Scalable Community Search with Accuracy Guarantee on Attributed Graphs

Given an attributed graph $G$ and a query node $q$, \underline{C}ommunity \underline{S}earch over \underline{A}ttributed \underline{G}raphs (CS-AG) aims to find a structure- and attribute-cohesive subgraph from $G$ that contains $q$. Although CS-AG has been widely studied, they still face three challenges. (1) Exact methods based on graph traversal are time-consuming, especially for large graphs.
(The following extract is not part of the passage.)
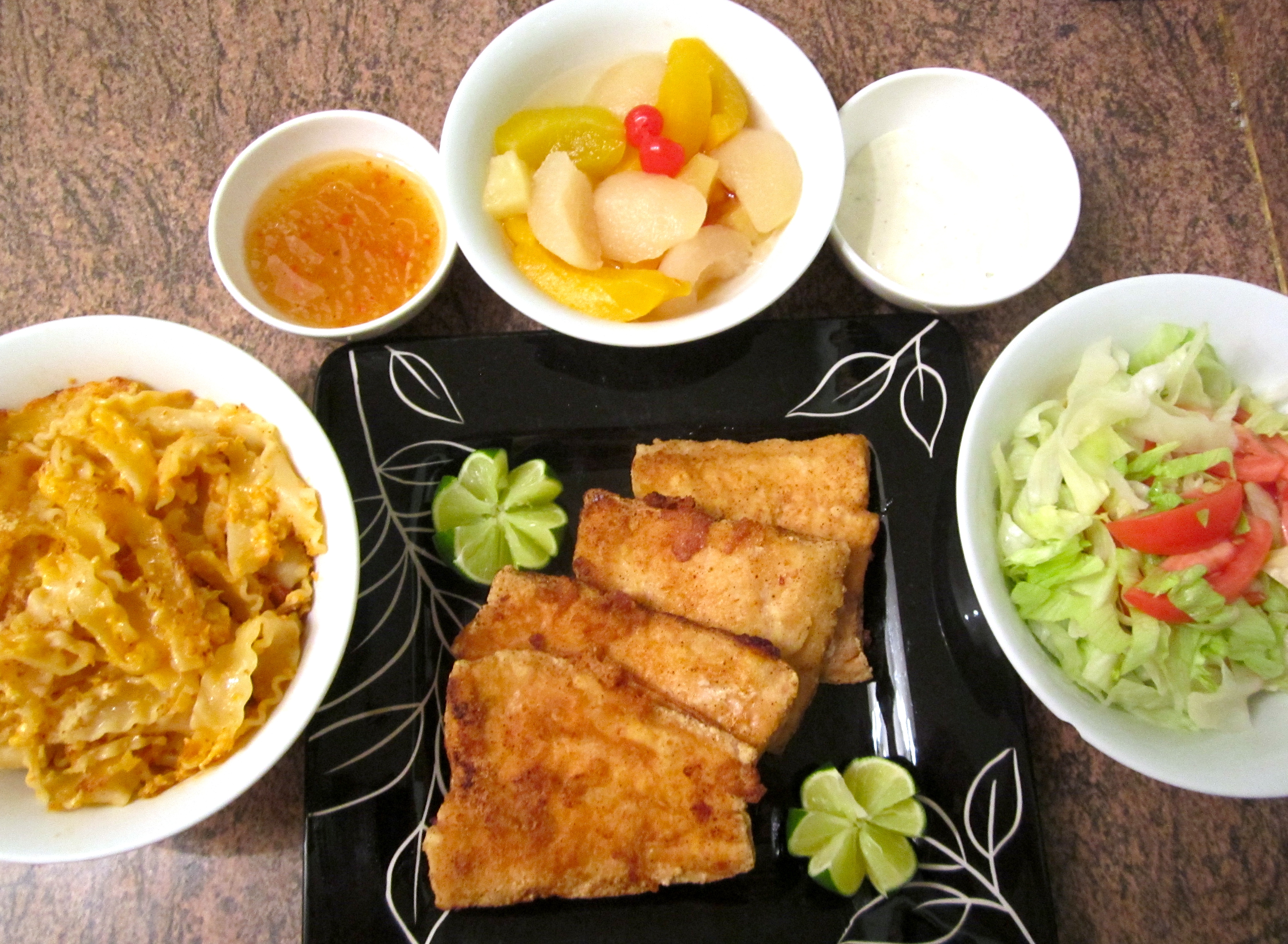 Pasta, Gouda & Sundried Tomato Casserole; Salad; Poached Fruits ”
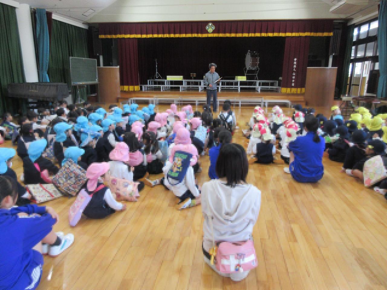 今回は地震から津波が発生したと想定し、園庭ではなく大ホールに避難しました。

Some tailored indices can improve efficiency, but introduce nonnegligible storage and maintenance overhead. (2) Approximate methods with a loose approximation ratio only provide a coarse-grained evaluation of a community's quality, rather than a reliable evaluation with an accuracy guarantee in runtime. (3) Attribute cohesiveness metrics often ignores the important correlation with the query node $q$. We formally define our CS-AG problem atop a $q$-centric attribute cohesiveness metric considering both textual and numerical attributes, for $k$-core model on homogeneous graphs. We show the problem is NP-hard. To solve it, we first propose an exact baseline with three pruning strategies. Then, we propose an index-free sampling-estimation-based method to quickly return an approximate community with an accuracy guarantee, in the form of a confidence interval. Once a good result satisfying a user-desired error bound is reached, we terminate it early. We extend it to heterogeneous graphs, $k$-truss model, and size-bounded CS. Comprehensive experimental studies on ten real-world datasets show its superiority, e.g., at least 1.54$\times$ (41.1$\times$ on average) faster in response time and a reliable relative error (within a user-specific error bound) of attribute cohesiveness is achieved.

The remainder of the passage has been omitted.